- **Work request**:
A verbatim repetition of the data below is requested, without images.
** Dataset section follows **
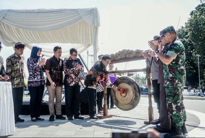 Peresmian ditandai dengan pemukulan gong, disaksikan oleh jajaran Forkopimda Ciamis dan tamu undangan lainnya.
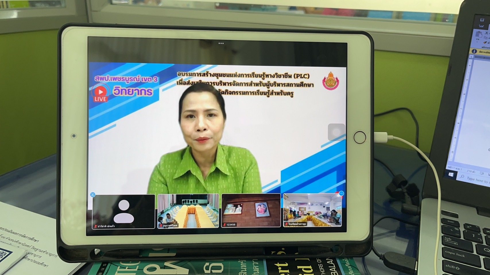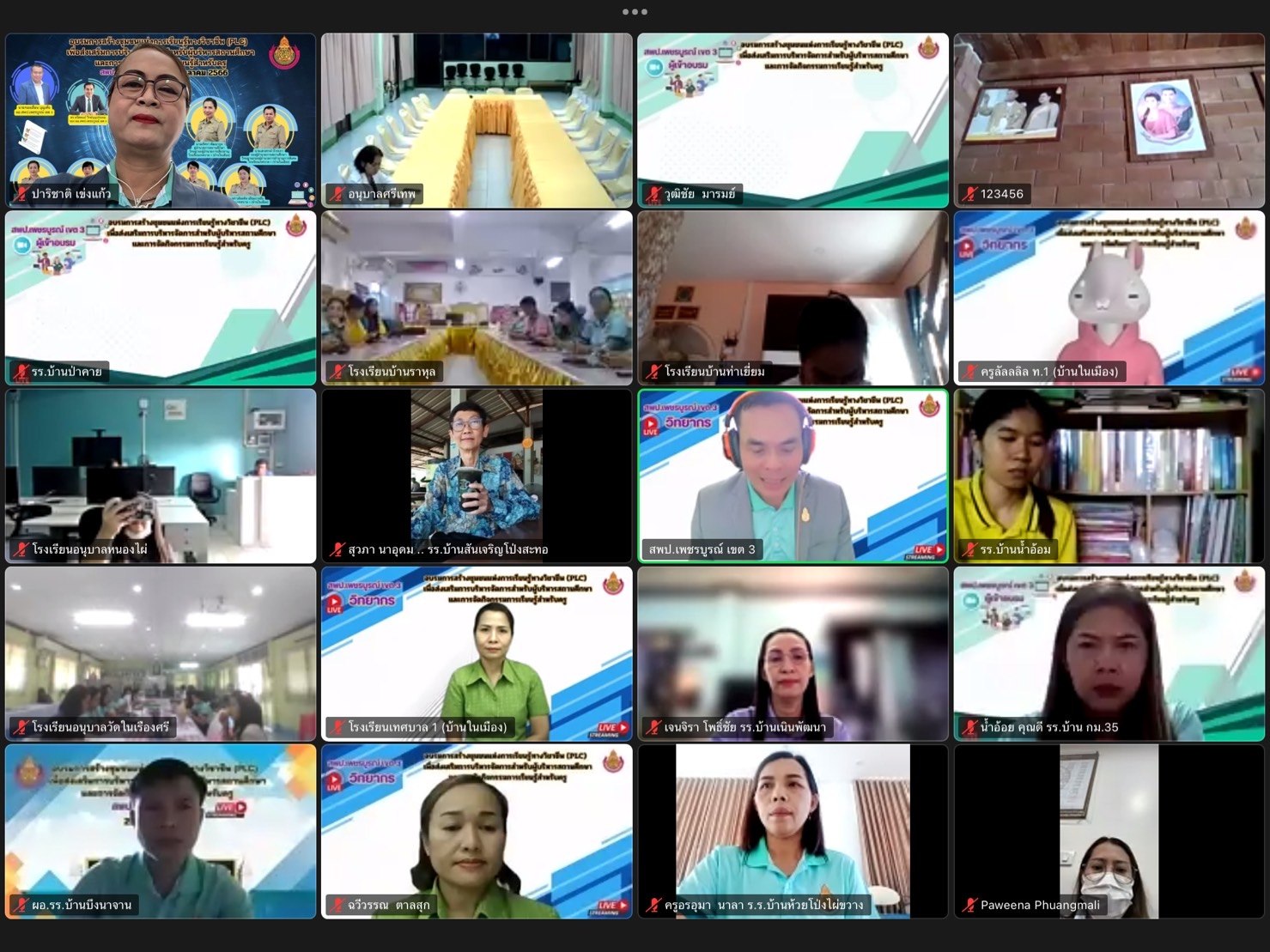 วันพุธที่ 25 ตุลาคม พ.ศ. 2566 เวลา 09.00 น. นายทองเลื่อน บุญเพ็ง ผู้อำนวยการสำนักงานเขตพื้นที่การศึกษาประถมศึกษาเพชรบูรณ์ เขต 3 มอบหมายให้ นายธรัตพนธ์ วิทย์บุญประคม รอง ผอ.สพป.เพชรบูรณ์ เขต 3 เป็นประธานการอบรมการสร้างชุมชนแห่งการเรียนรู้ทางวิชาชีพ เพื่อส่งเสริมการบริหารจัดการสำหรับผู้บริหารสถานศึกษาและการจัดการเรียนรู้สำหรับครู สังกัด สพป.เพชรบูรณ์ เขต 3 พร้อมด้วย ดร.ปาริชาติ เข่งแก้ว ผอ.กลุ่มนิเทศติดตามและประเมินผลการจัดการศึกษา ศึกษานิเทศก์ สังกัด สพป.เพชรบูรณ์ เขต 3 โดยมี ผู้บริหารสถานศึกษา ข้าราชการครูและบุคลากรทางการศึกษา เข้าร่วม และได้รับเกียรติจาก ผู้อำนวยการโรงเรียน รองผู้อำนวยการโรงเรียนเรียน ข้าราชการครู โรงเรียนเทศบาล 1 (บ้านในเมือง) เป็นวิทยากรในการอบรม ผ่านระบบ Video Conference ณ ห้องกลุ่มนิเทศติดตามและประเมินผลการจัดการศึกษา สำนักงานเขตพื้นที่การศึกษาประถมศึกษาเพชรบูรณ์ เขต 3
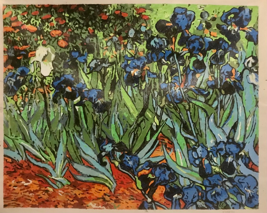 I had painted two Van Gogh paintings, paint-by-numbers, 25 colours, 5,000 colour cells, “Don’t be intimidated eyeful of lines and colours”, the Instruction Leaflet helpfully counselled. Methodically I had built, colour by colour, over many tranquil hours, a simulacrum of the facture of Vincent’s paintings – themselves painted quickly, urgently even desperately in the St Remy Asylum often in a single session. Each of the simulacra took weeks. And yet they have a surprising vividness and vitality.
** End of Dataset section **
- **Completed exercise**:
 Peresmian ditandai dengan pemukulan gong, disaksikan oleh jajaran Forkopimda Ciamis dan tamu undangan lainnya.
 วันพุธที่ 25 ตุลาคม พ.ศ. 2566 เวลา 09.00 น. นายทองเลื่อน บุญเพ็ง ผู้อำนวยการสำนักงานเขตพื้นที่การศึกษาประถมศึกษาเพชรบูรณ์ เขต 3 มอบหมายให้ นายธรัตพนธ์ วิทย์บุญประคม รอง ผอ.สพป.เพชรบูรณ์ เขต 3 เป็นประธานการอบรมการสร้างชุมชนแห่งการเรียนรู้ทางวิชาชีพ เพื่อส่งเสริมการบริหารจัดการสำหรับผู้บริหารสถานศึกษาและการจัดการเรียนรู้สำหรับครู สังกัด สพป.เพชรบูรณ์ เขต 3 พร้อมด้วย ดร.ปาริชาติ เข่งแก้ว ผอ.กลุ่มนิเทศติดตามและประเมินผลการจัดการศึกษา ศึกษานิเทศก์ สังกัด สพป.เพชรบูรณ์ เขต 3 โดยมี ผู้บริหารสถานศึกษา ข้าราชการครูและบุคลากรทางการศึกษา เข้าร่วม และได้รับเกียรติจาก ผู้อำนวยการโรงเรียน รองผู้อำนวยการโรงเรียนเรียน ข้าราชการครู โรงเรียนเทศบาล 1 (บ้านในเมือง) เป็นวิทยากรในการอบรม ผ่านระบบ Video Conference ณ ห้องกลุ่มนิเทศติดตามและประเมินผลการจัดการศึกษา สำนักงานเขตพื้นที่การศึกษาประถมศึกษาเพชรบูรณ์ เขต 3
 I had painted two Van Gogh paintings, paint-by-numbers, 25 colours, 5,000 colour cells, “Don’t be intimidated eyeful of lines and colours”, the Instruction Leaflet helpfully counselled. Methodically I had built, colour by colour, over many tranquil hours, a simulacrum of the facture of Vincent’s paintings – themselves painted quickly, urgently even desperately in the St Remy Asylum often in a single session. Each of the simulacra took weeks. And yet they have a surprising vividness and vitality.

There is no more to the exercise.